Data extract Start Marker
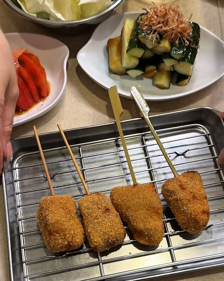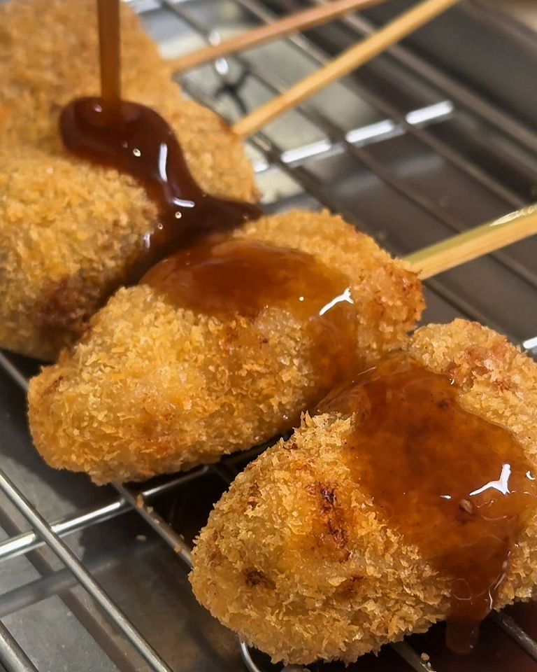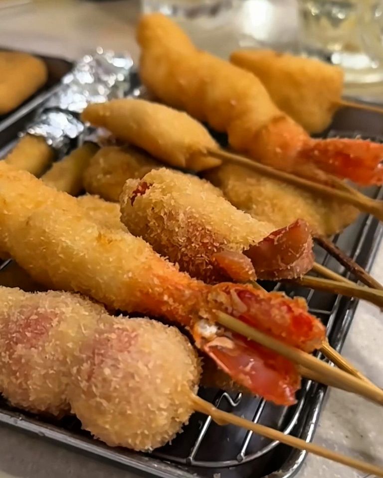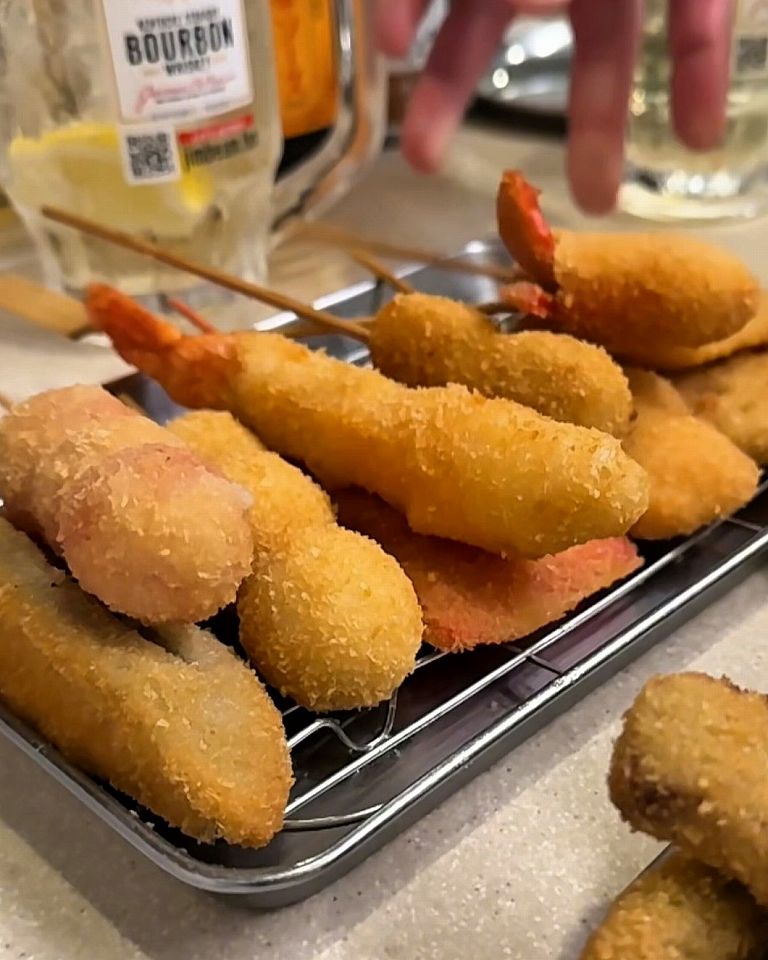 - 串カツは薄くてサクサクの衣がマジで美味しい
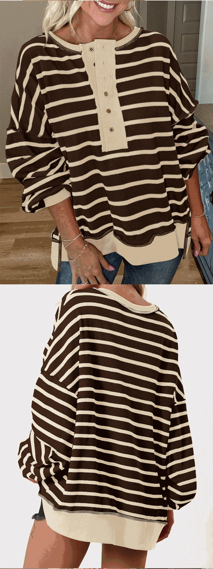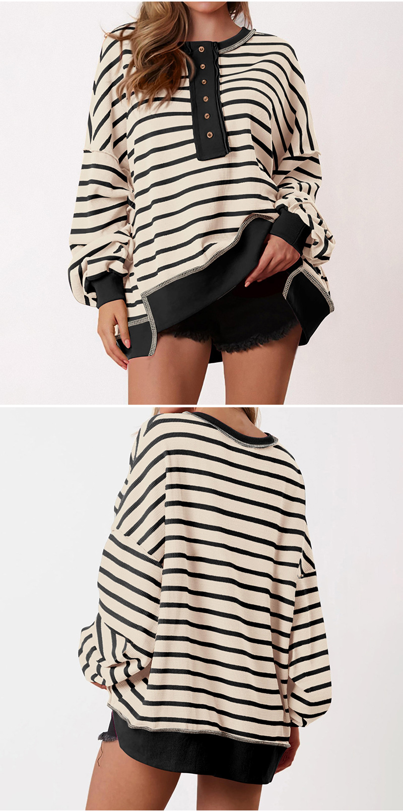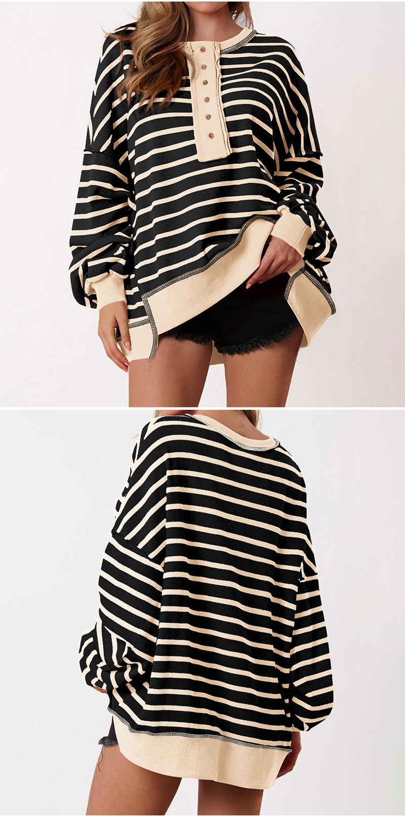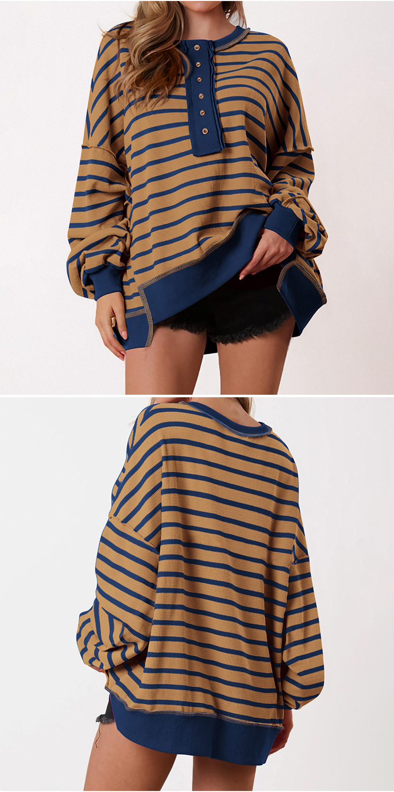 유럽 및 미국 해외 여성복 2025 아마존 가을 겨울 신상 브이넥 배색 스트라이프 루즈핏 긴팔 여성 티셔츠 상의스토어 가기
Data extract End Marker
Data extract Start Marker
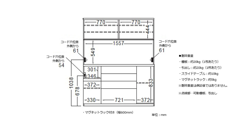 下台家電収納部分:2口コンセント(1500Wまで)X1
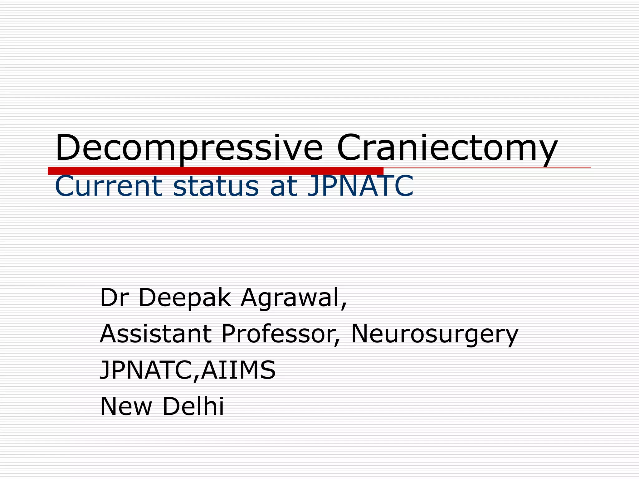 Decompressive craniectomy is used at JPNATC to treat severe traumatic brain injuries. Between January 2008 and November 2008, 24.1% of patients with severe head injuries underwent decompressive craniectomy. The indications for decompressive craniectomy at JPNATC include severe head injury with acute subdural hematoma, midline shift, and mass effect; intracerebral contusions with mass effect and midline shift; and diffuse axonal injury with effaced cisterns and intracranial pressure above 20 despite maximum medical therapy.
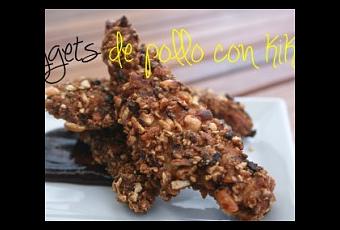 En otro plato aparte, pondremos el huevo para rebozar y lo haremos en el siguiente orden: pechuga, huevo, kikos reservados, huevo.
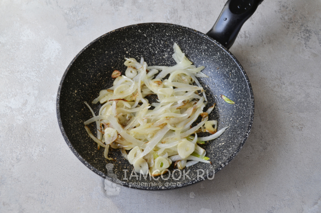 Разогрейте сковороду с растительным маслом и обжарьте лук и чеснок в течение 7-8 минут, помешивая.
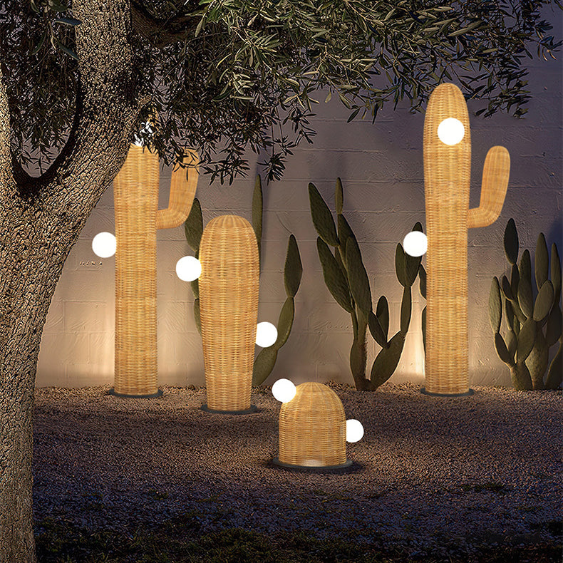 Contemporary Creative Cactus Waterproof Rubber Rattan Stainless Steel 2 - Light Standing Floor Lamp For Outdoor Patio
Data extract End Marker
Data extract Start Marker
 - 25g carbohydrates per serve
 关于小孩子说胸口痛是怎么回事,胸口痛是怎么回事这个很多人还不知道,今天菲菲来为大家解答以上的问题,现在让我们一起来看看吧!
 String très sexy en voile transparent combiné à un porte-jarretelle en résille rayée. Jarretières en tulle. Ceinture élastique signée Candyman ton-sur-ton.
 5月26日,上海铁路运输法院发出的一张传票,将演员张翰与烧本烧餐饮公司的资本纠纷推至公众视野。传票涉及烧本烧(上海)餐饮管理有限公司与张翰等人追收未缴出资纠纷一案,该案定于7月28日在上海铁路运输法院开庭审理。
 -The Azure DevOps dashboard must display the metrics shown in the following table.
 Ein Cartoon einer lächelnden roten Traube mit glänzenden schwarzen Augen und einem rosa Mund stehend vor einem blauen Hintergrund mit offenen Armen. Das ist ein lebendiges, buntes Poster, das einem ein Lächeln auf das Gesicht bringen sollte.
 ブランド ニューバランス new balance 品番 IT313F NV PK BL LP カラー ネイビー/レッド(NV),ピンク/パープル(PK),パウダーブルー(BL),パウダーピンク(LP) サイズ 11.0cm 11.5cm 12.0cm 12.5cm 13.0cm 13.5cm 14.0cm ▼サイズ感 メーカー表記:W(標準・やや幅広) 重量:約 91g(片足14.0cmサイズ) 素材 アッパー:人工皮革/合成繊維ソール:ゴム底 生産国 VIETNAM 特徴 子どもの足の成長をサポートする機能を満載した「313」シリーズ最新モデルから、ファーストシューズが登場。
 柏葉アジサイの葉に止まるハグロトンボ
Data extract End Marker
▸ **Assignment**:
Look through the material above. Transcribe exactly the lines between the ones with "下台家電収納部分:2口コンセント(1500Wまで)X1" and "Contemporary Creative Cactus", inclusive, and keep pictures out.

▸ **Reply**:
 下台家電収納部分:2口コンセント(1500Wまで)X1
 Decompressive craniectomy is used at JPNATC to treat severe traumatic brain injuries. Between January 2008 and November 2008, 24.1% of patients with severe head injuries underwent decompressive craniectomy. The indications for decompressive craniectomy at JPNATC include severe head injury with acute subdural hematoma, midline shift, and mass effect; intracerebral contusions with mass effect and midline shift; and diffuse axonal injury with effaced cisterns and intracranial pressure above 20 despite maximum medical therapy.
 En otro plato aparte, pondremos el huevo para rebozar y lo haremos en el siguiente orden: pechuga, huevo, kikos reservados, huevo.
 Разогрейте сковороду с растительным маслом и обжарьте лук и чеснок в течение 7-8 минут, помешивая.
 Contemporary Creative Cactus Waterproof Rubber Rattan Stainless Steel 2 - Light Standing Floor Lamp For Outdoor Patio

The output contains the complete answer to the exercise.